(Items from a data source)
⟨
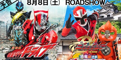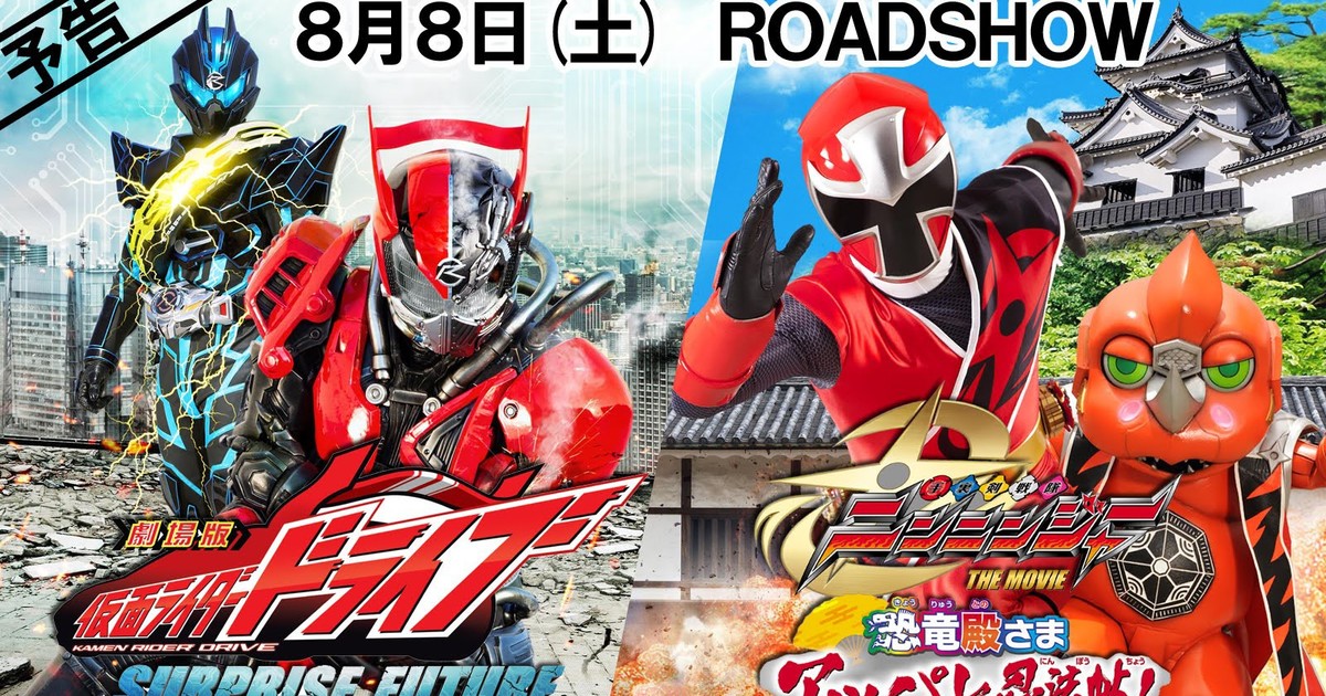 Japanese production company Toei began streaming a trailer for its upcoming Gekijōban Kamen Rider Drive: Surprise Future and Shuriken Sentai Nin'ninger The Movie: Kyōryū Tono-sama Appare Ninpōchō! films on Thursday. The video shows scenes from both films.
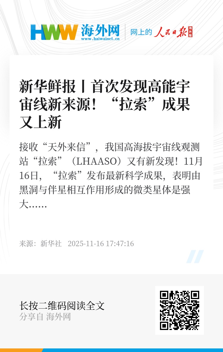 深度参与科学事业,拓展人类认知边界,“拉索”正持续带来具有全球影响力的突破性成果。
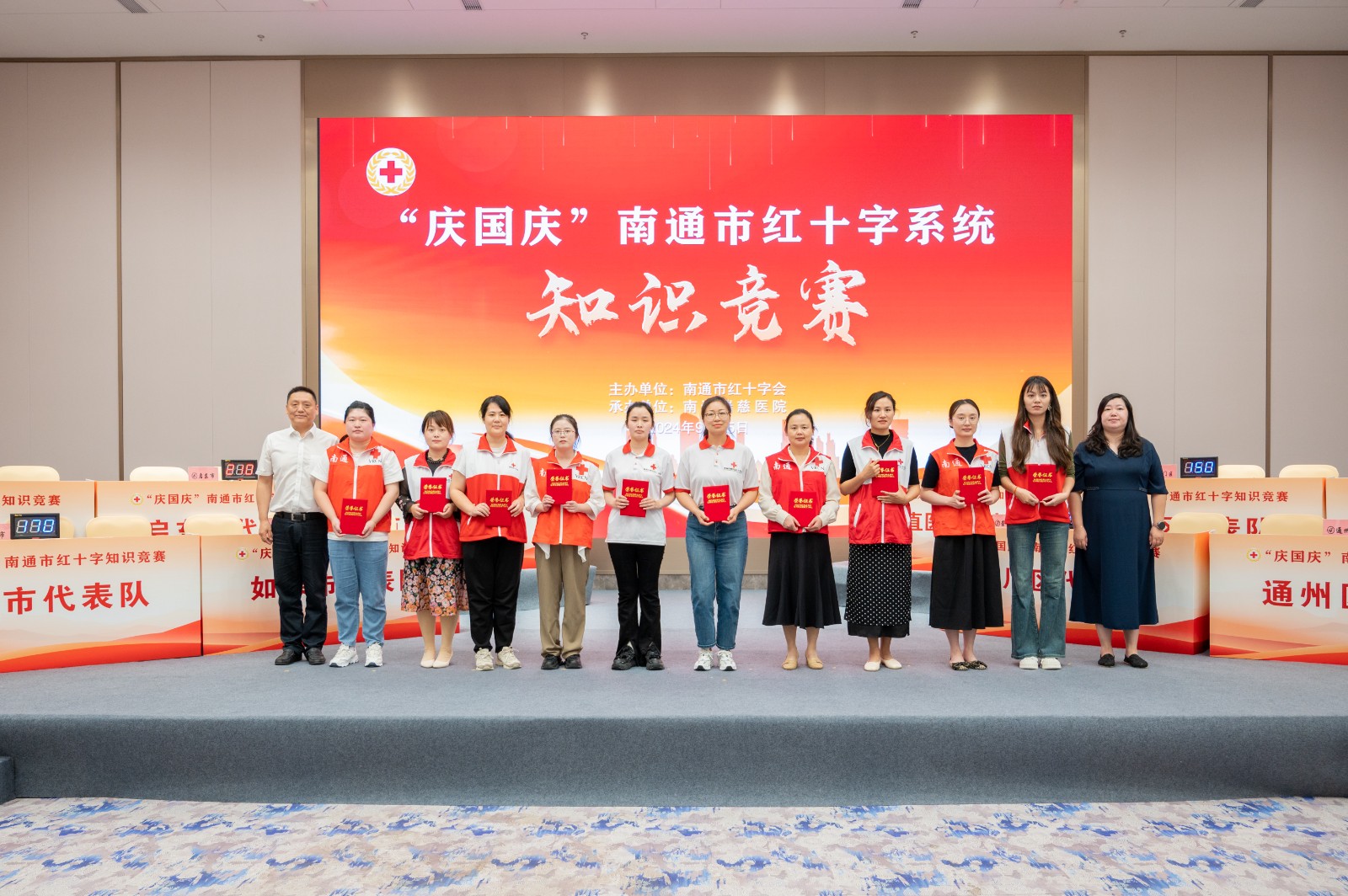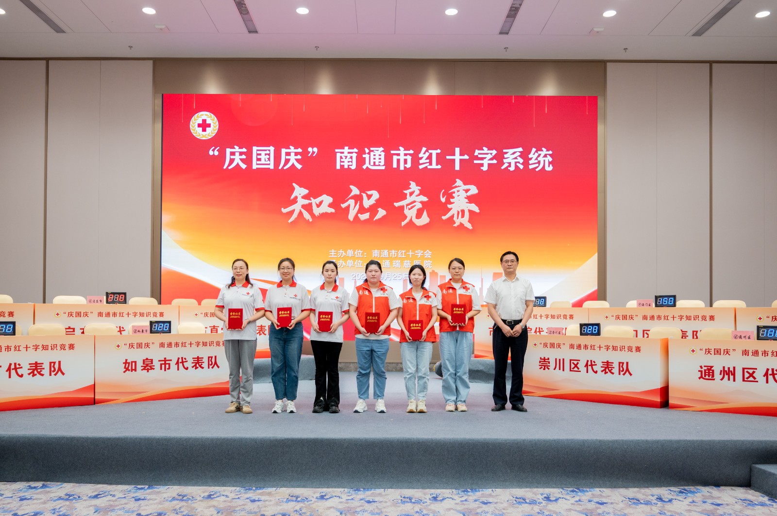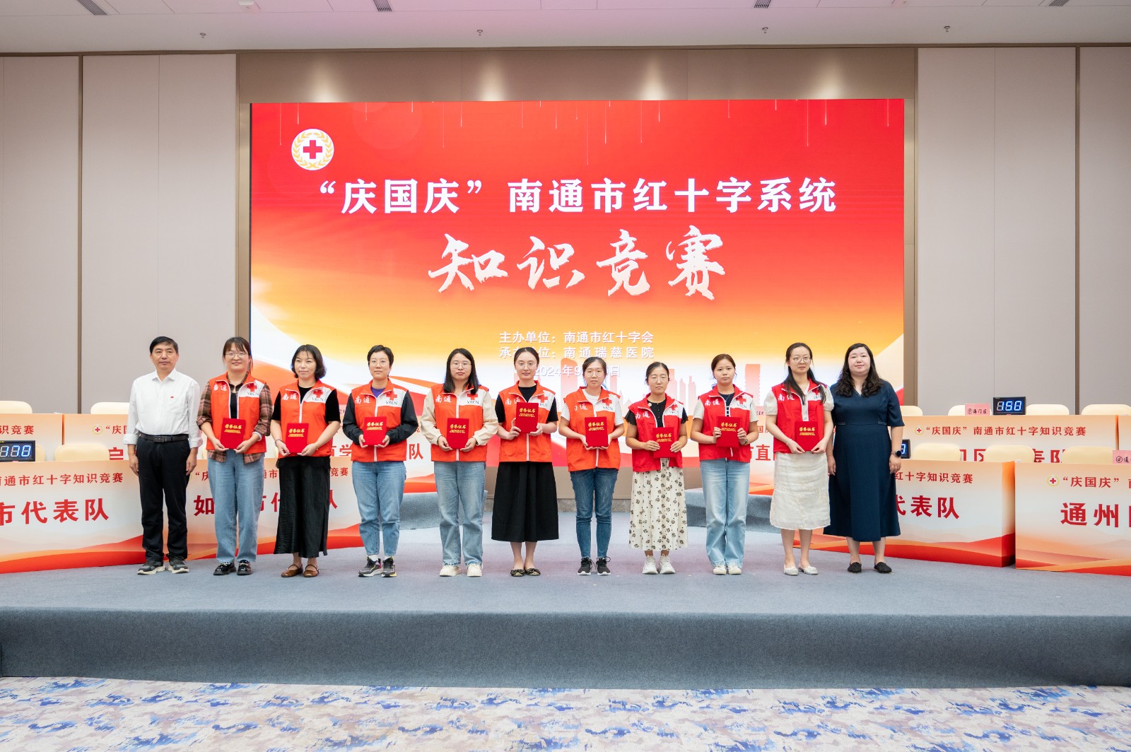 为深入学习贯彻党的二十届三中全会精神,弘扬“人道、博爱、奉献”的红十字精神,展现新时期红十字干部队伍的优秀素质和精神面貌,9月25日下午,“庆国庆”南通市红十字系统知识竞赛在瑞慈医院火热举行。来自全市红十字系统的10支队伍参赛,现场近150人参加活动。
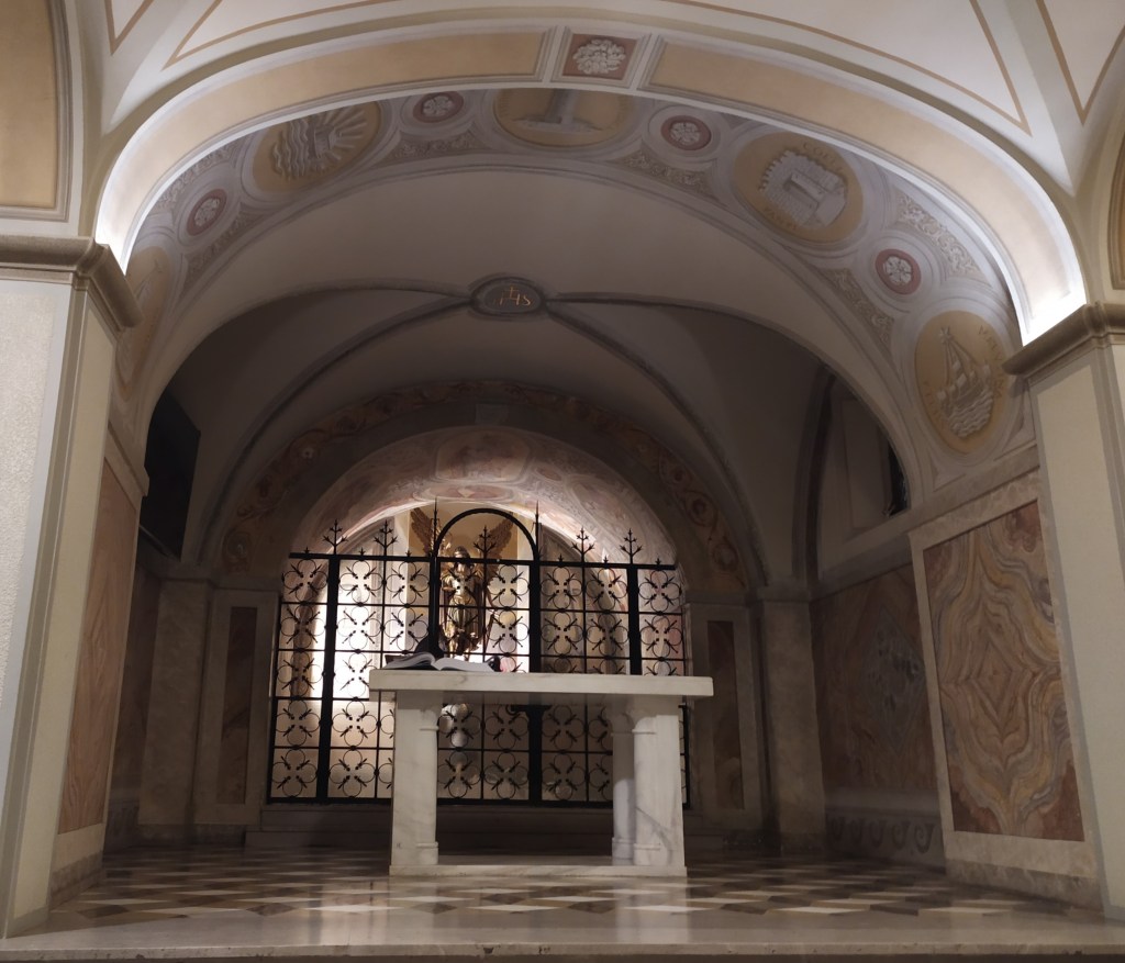 Dal corridoio dei confessionali una scala conduce alla cripta. Nelle pareti del piano sotterraneo sono esposti gli ex voto lasciati dai pellegrini che hanno ricevuto le grazie.
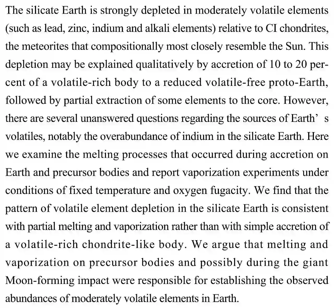 【Geoscience-地球科学】Earth’s volatile contents established by melting and vaporization
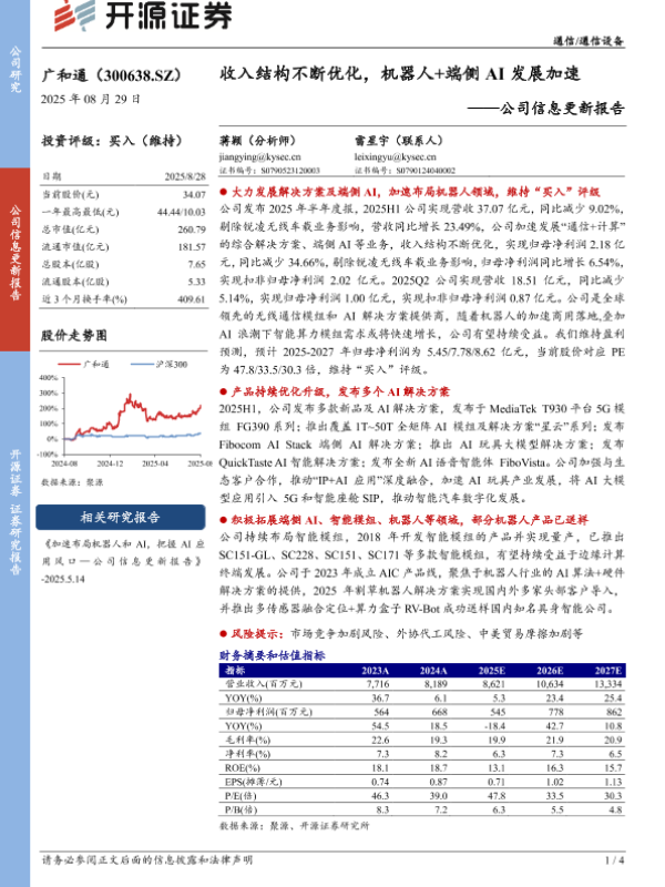 【开源证券】【20250829】广和通-收入结构不断优化,机器人+端侧AI发展加速-4页 证券期货研究报告
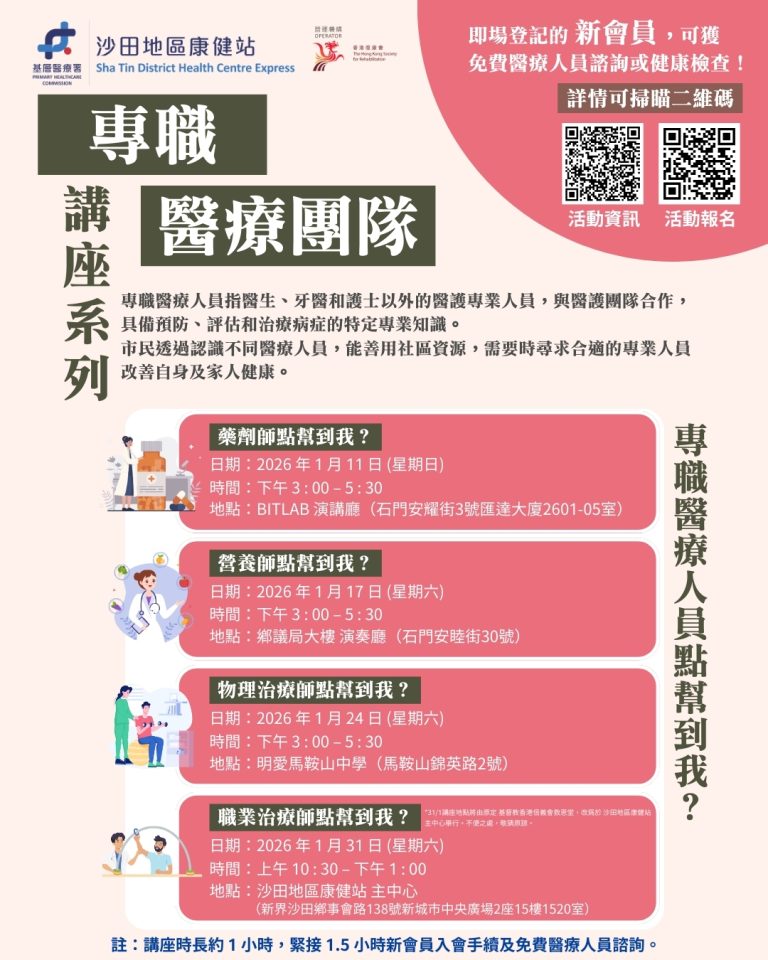 沙田區康健站將於 2026年 1月 舉辦一系列專職醫療講座,講解藥劑師、營養師、物理治療師及職業治療師的職能,並解答常見健康問題!
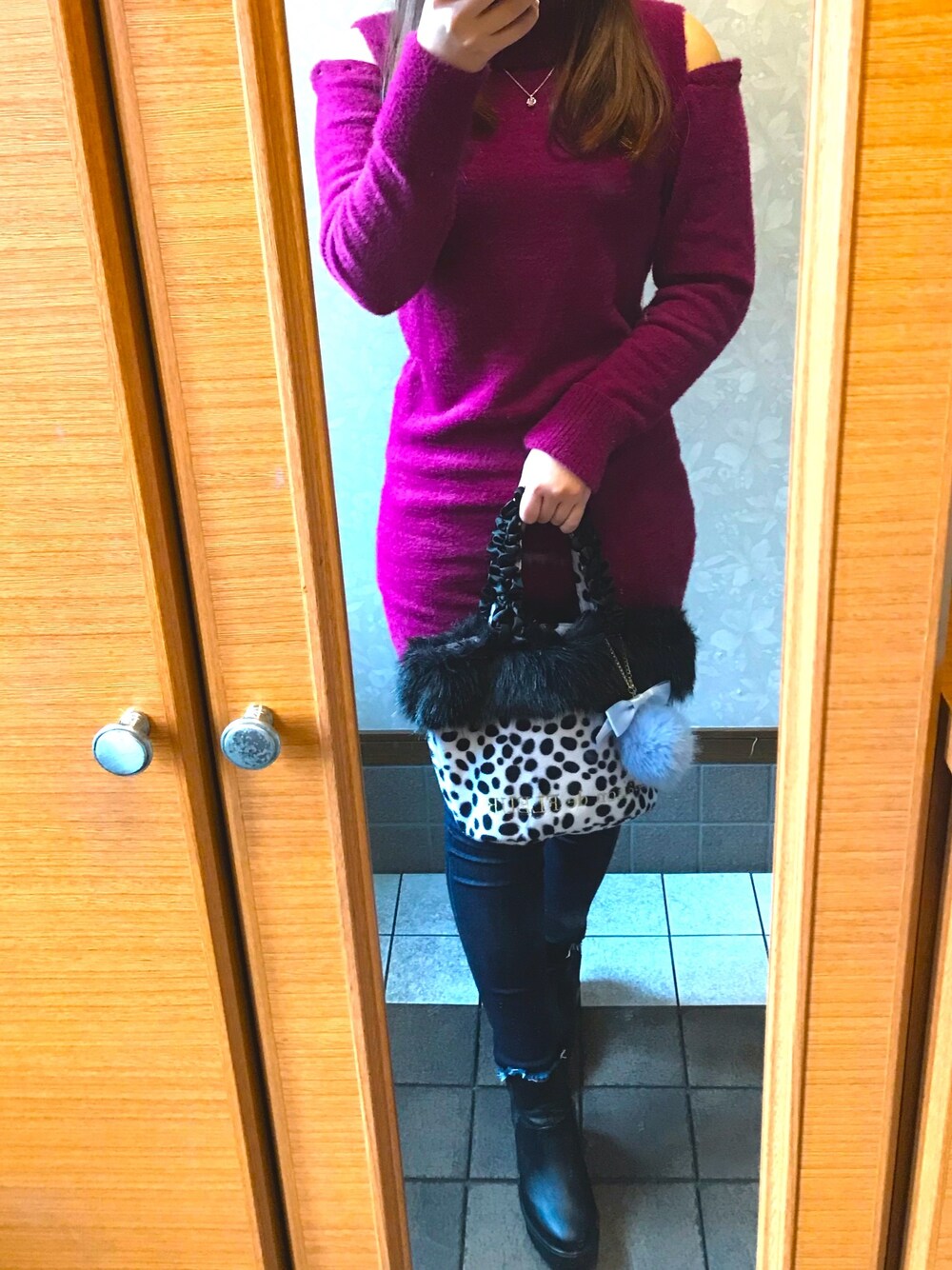 にゃんちゆのワンピース「ショルダーオープンニットワンピース」を使ったコーディネート
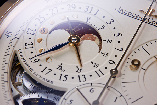 積家2010年推出的Duomètre à Quantième Lunaire月相日曆腕錶,是具有優雅古典風格的月相日曆腕錶,錶款增添了月相與日期指示功能,因此減少原有的計時結構,但是錶款上仍保留1/6閃電跳秒指針,以及雙發條盒設計。
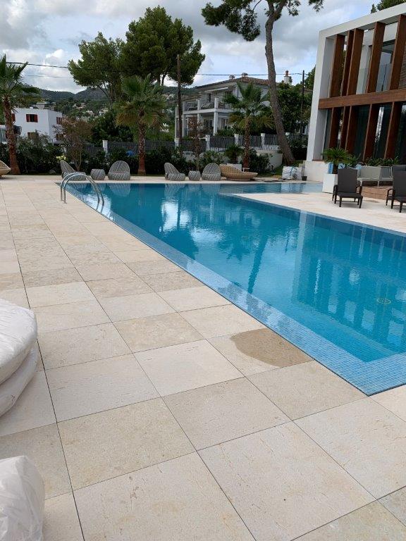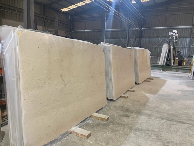 Crema Cenia ist ein sehr kompakter Kalkstein aus dem spanischen Katalonien. Er hat eine beige bis rosa-cremefarbene Färbung und ist mit Fossilienverkrustungen versehen.
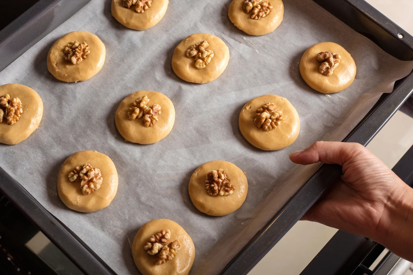 Odrywaj niewielkie kawałki ciasta i formuj kulki wielkości orzecha włoskiego. Układaj je na blasze wyłożonej papierem do pieczenia i lekko spłaszczaj. Na każdym ciasteczku ułóż połówkę orzecha.
⟩
## Assignment:
Starting with the line that has "にゃんちゆのワンピース「ショ" and going on through the line that has "Crema Cenia ist", transcribe the records above exactly, but skip the pictures.

## Written response:
 にゃんちゆのワンピース「ショルダーオープンニットワンピース」を使ったコーディネート
 積家2010年推出的Duomètre à Quantième Lunaire月相日曆腕錶,是具有優雅古典風格的月相日曆腕錶,錶款增添了月相與日期指示功能,因此減少原有的計時結構,但是錶款上仍保留1/6閃電跳秒指針,以及雙發條盒設計。
 Crema Cenia ist ein sehr kompakter Kalkstein aus dem spanischen Katalonien. Er hat eine beige bis rosa-cremefarbene Färbung und ist mit Fossilienverkrustungen versehen.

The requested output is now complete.